##### Entries provided

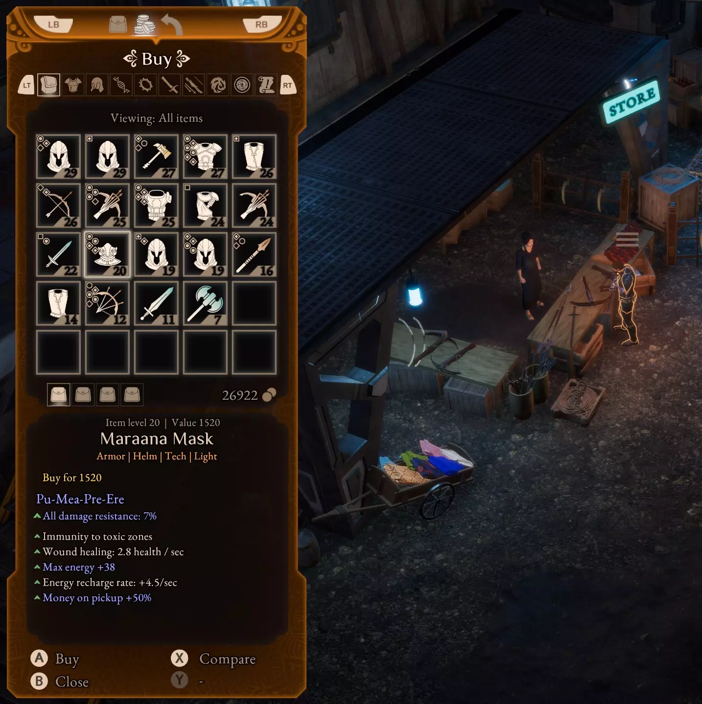 接下来,前往城镇【洞穴-镇中心】。通过推进主线任务,你会在游戏初期自然遇到这个城镇。与镇上的商人对话,寻找带有【拾取金钱+50%】属性的 armor。如果商人没有出售,可以通过快速旅行到【奎隆-戴拉之家】,然后再返回【洞穴-镇中心】来重置商店。重复此过程,直到获得至少一件【拾取金钱+50%】的 armor。
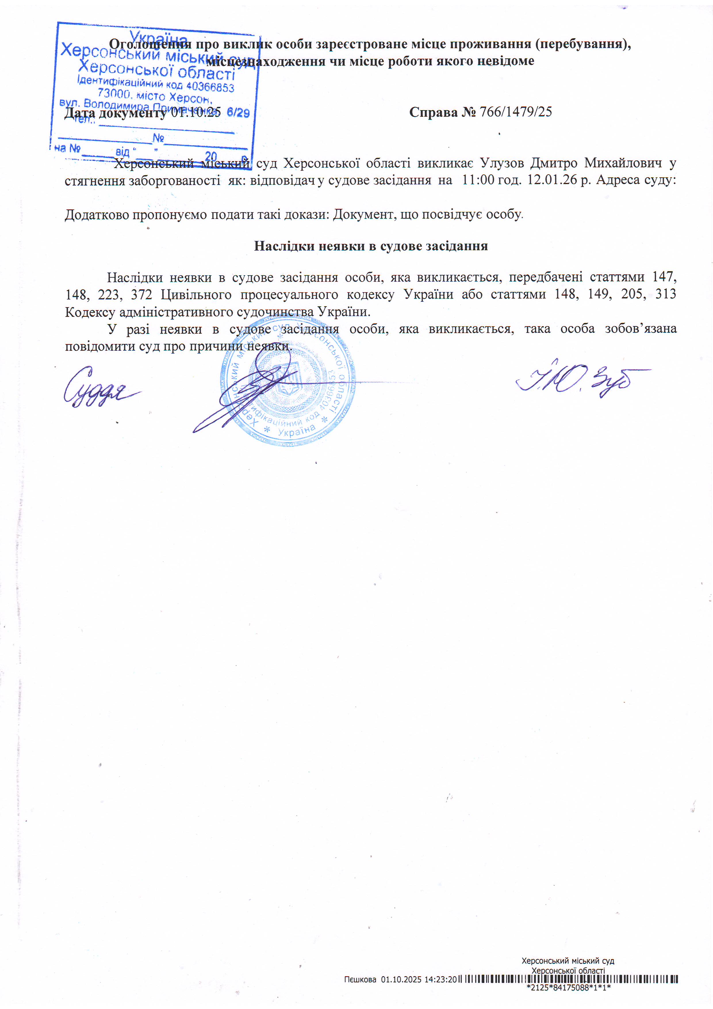 Оголошення про виклик особи в суд та повідомлення про судове рішення
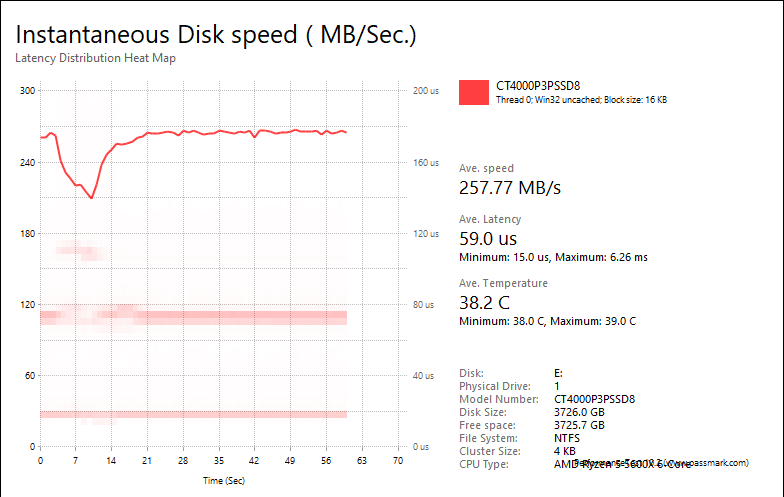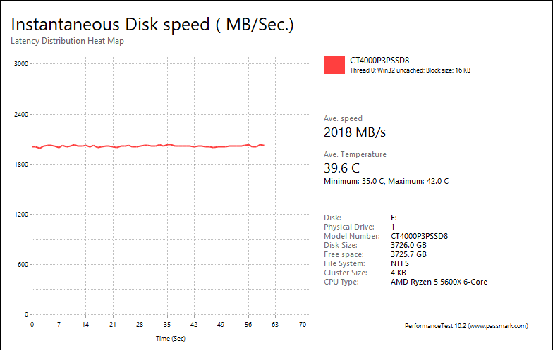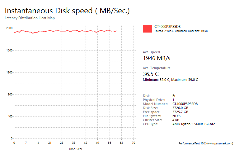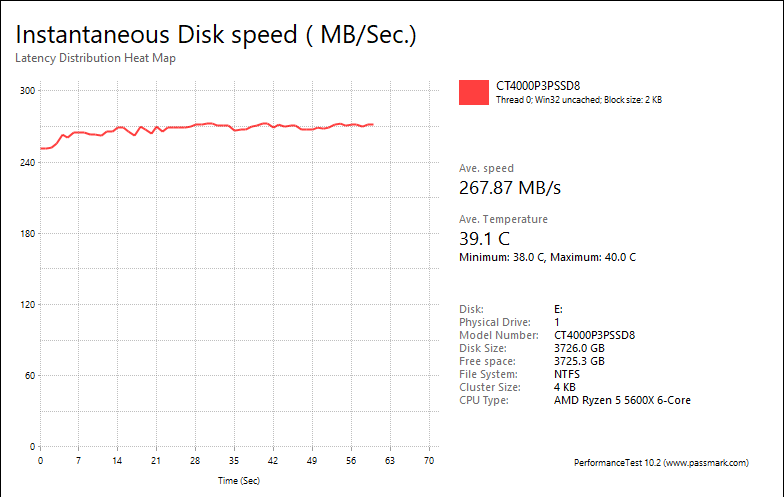 PassMark PerformanceTest 10's Advanced Disk Test, unlike HD Tune Pro 5.70, generates some awesome graphs right out of the box. It also provides valuable insight in simulating real world performance applications. To make things clear to you, the first graph simulates a database server, followed by a file server, web server, and workstation. Obviously, PassMark PerformanceTest 10 uses highly compressible data in most tests some controllers can really take advantage of. However, it also requires high IOPS capabilities for the best score. One thing clear is the Crucial P3 Plus 4TB provided generally flat graphs, which is excellent if you are looking for consistent performance.
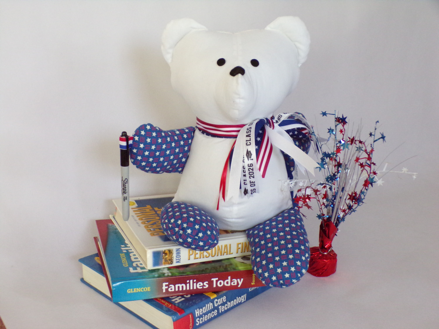 historical year with the Patriotic Autograph Bear. Bear is 18 inches long, has
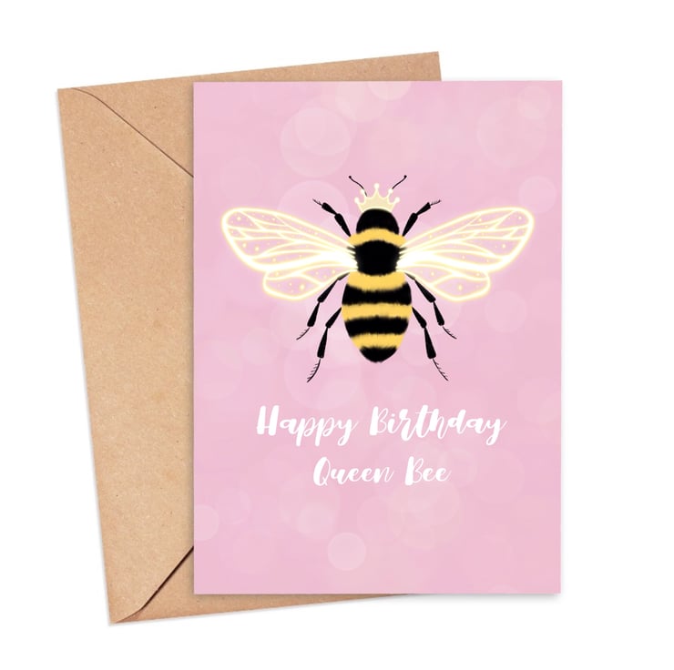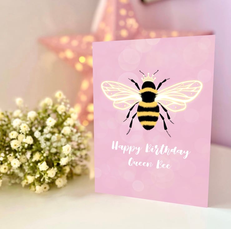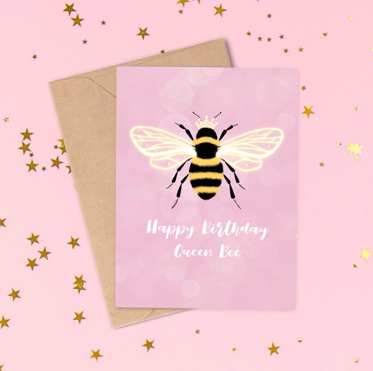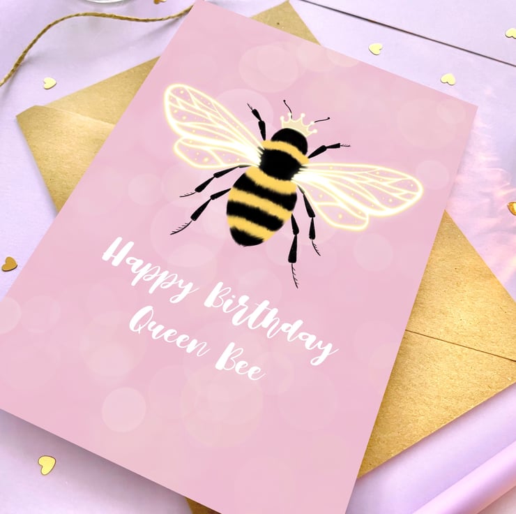 The card reads 'Happy Birthday Queen Bee'
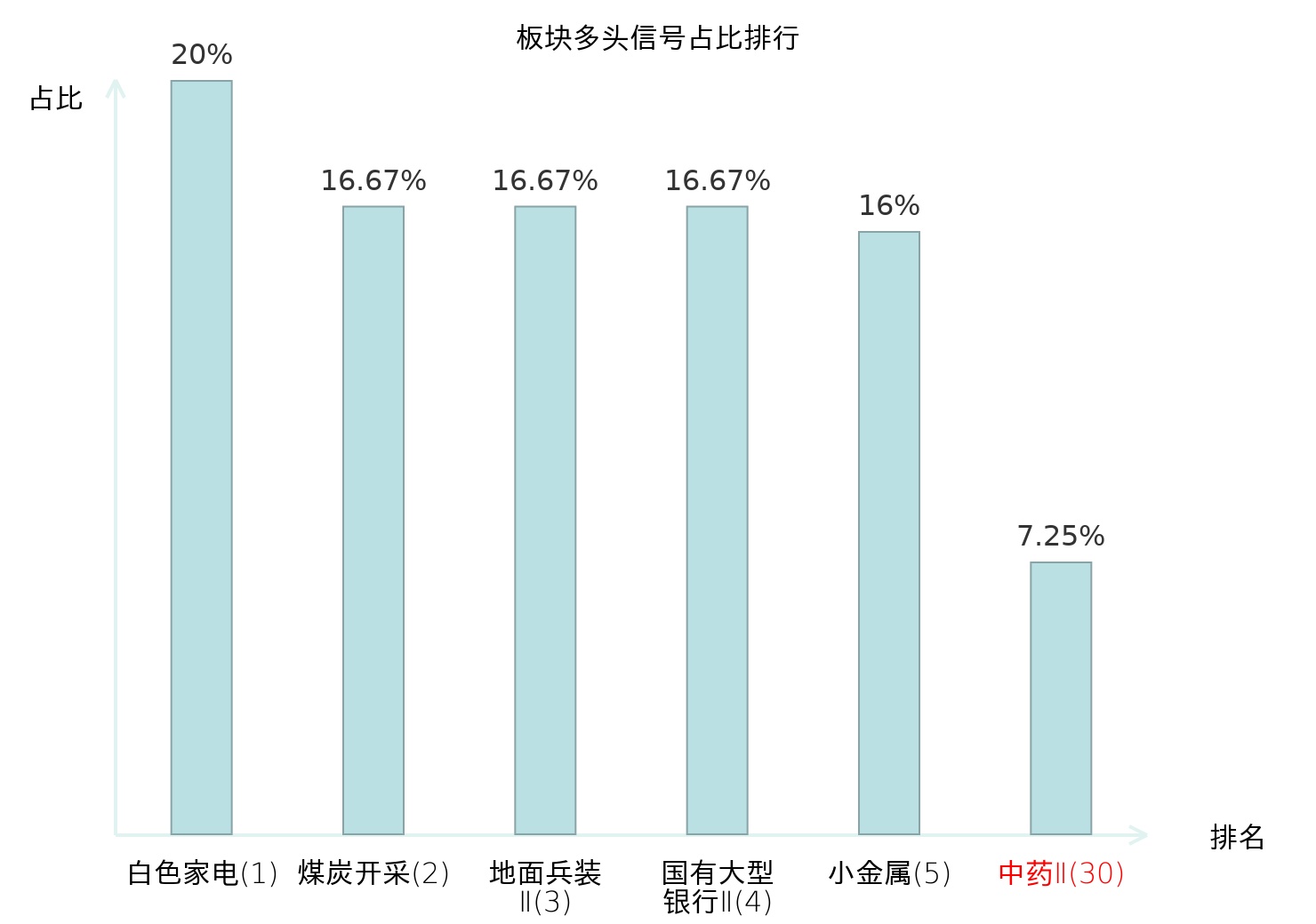 全市场所有行业板块中主力多头信号占比排名中,白色家电板块位居第一。国有大型银行Ⅱ板块名次提升最快,较昨日上升119位。

##########

* Exercise goal *
Exclude the pictures, and output exactly the lines from the one with "Оголошення про виклик" through the last line of the records, both included.

* Exercise answer *
 Оголошення про виклик особи в суд та повідомлення про судове рішення
 PassMark PerformanceTest 10's Advanced Disk Test, unlike HD Tune Pro 5.70, generates some awesome graphs right out of the box. It also provides valuable insight in simulating real world performance applications. To make things clear to you, the first graph simulates a database server, followed by a file server, web server, and workstation. Obviously, PassMark PerformanceTest 10 uses highly compressible data in most tests some controllers can really take advantage of. However, it also requires high IOPS capabilities for the best score. One thing clear is the Crucial P3 Plus 4TB provided generally flat graphs, which is excellent if you are looking for consistent performance.
 historical year with the Patriotic Autograph Bear. Bear is 18 inches long, has
 The card reads 'Happy Birthday Queen Bee'
 全市场所有行业板块中主力多头信号占比排名中,白色家电板块位居第一。国有大型银行Ⅱ板块名次提升最快,较昨日上升119位。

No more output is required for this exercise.